Koreans, not quite the purest race?

ResearchBlogging.orgPLoS One has a paper out on Korean (South) population genetics and phylogeography, Gene Flow between the Korean Peninsula and Its Neighboring Countries:

SNP markers provide the primary data for population structure analysis. In this study, we employed whole-genome autosomal SNPs as a marker set (54,836 SNP markers) and tested their possible effects on genetic ancestry using 320 subjects covering 24 regional groups including Northern ( = 16) and Southern ( = 3) Asians, Amerindians ( = 1), and four HapMap populations (YRI, CEU, JPT, and CHB). Additionally, we evaluated the effectiveness and robustness of 50K autosomal SNPs with various clustering methods, along with their dependencies on recombination hotspots (RH), linkage disequilibrium (LD), missing calls and regional specific markers. The RH- and LD-free multi-dimensional scaling (MDS) method showed a broad picture of human migration from Africa to North-East Asia on our genome map, supporting results from previous haploid DNA studies. Of the Asian groups, the East Asian group showed greater differentiation than the Northern and Southern Asian groups with respect to Fst statistics. By extension, the analysis of monomorphic markers implied that nine out of ten historical regions in South Korea, and Tokyo in Japan, showed signs of genetic drift caused by the later settlement of East Asia (South Korea, Japan and China), while Gyeongju in South East Korea showed signs of the earliest settlement in East Asia. In the genome map, the gene flow to the Korean Peninsula from its neighboring countries indicated that some genetic signals from Northern populations such as the Siberians and Mongolians still remain in the South East and West regions, while few signals remain from the early Southern lineages.

I can’t comment too much on the inferences they make from the results because I’m not familiar with the geography of South Korea, or particular historical details.
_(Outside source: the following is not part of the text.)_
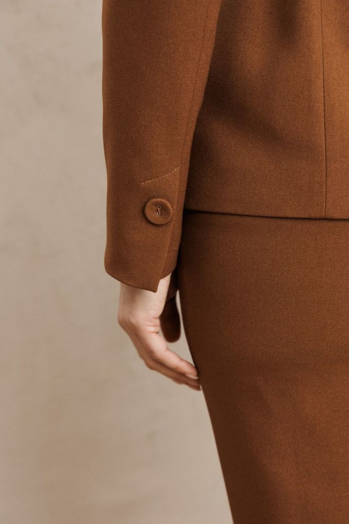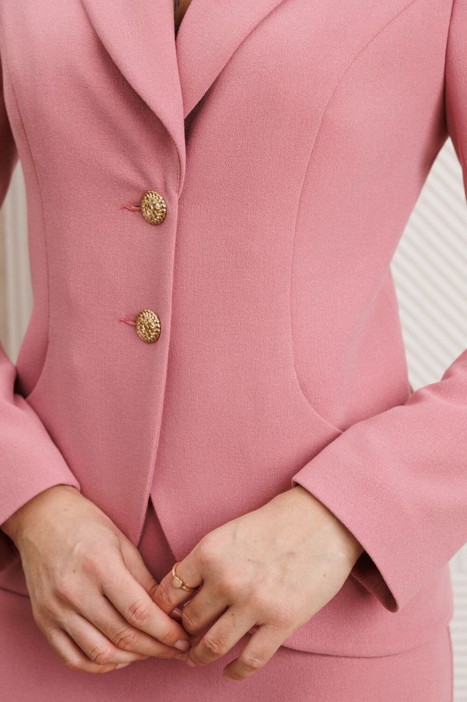 Состав: Вискоза-23%; ПЭ-75%; Спандекс-2%; Жакет полуприлегающего силуэта с двубортной застёжкой на одну пару обтяжных, из основной ткани, пуговиц и одной потайной. Край борта фигурной формы,придающей ... Показать описаниединамичность жакету. На полочке выполнены фигурные рельефы, которые дополнены функциональными карманами, гармонично вписывающимися в общую структуру изделия. Спинка со средним швом и вертикальными рельефами из проймы. Воротник с цельнокроенной стойкой, что придает жакету элегантный и строгий вид. Рукава двухшовные, со шлицей в локтевом шве на одну пуговицу, также обтяжную из основной ткани.Жакет дополнен шлёвками и съемным поясом из основной ткани с пятью блочками на обтяжную пряжку, чем придает дополнительный акцент на талии. Жакет на подкладке. Юбка, длиной ниже колена, зауженная к низу. Застёжка в левом боковом шве на потайную молнию и пуговицу. На переднем и заднем полотнище юбки обработаны талевые вытачки, которые обеспечивают точную посадку по фигуре. Юбка на поясе, сзади частично на резинке для удобства и комфортной посадки.В среднем шве юбки обработана шлица, которая обеспечивает свободу движений. Юбка также на подкладке. Костюм выполнен из качественной костюмной ткани, что придает изделию прочность и долговечность, а также создает элегантный и современный образ, подходящий для различных деловых мероприятий и повседневной носки. длина жакета по спинке: 63,5см длина рукава: 62 см длина юбки с поясом: 77,5 см Замеры 46-52: Жакет Длина спинки 63,5 63,5 63,5 63,5 Ширина спинки 38 39 40 41 Ширина на уровне глубины проймы 49 51 53 55 Ширина по линии талии 46 48 50 52 Ширина по линии бедер 53 55 57 59 Длина рукава 62 62 62 62 Ширина рукава вверху 17 18 19 20 Ширина плеча 12,0 12,5 13 13 Юбка Длина по боковому шву (с поясом) 77,5 77,5 77,5 77,5 Ширина по линии талии 42 43 45 47 Ширина по линии бедер 50 52 54 56 В размерах 52-54 застежка смещенная, на три пуговицы.
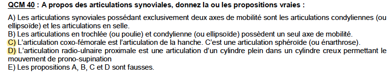 En effet, dans le cours sur le membre supérieur, il est dit que l'articulation huméro-radiale est une sphéroïde possédant 2 axes de mobilité seulement. Dans un QCM de ce type au concours faudrait-il le compter juste dans le cas général ou faux ?

But more generally the genetics of Korea are of particular interest for social reasons:

South Korea is one of the most ethnically homogeneous societies in the world with more than 99 per cent of inhabitants having Korean ethnicity…The Koreans call their ethnic homogeneousity of their society using the word, 단일민족국가 (Dan-il minjok gook ga, literally means the single race society.)

Korean racialism has recently gotten the spotlight in works such as The Cleanest Race: How North Koreans See Themselves and Why It Matters, articles in The New York Times about South Korean prejudice against dark-skinned people, and the rise of mixed-origin Koreans nationals due to the large number of Vietnamese brides in rural areas. Here’s an interesting comment on South Korean race consciousness, Western Mixed-Race Men Can Join Military:

Western mixed-race men can join the military beginning next year.

Currently, Asian mixed-race men, dubbed “Kosians,” are subject to the country’s conscription system, but “Amerasians” or “Eurasians” are exempted from the mandatory service.

The parliamentary approval of a bill proposed by Rep. Yoo Seung-min of the governing Grand National Party has paved the way for them to join the military.

Western mixed-race men, who have distinctive skin colors, had been exempted because they could have experienced difficulty mixing with Korean colleagues in barracks, the defense ministry had said previously.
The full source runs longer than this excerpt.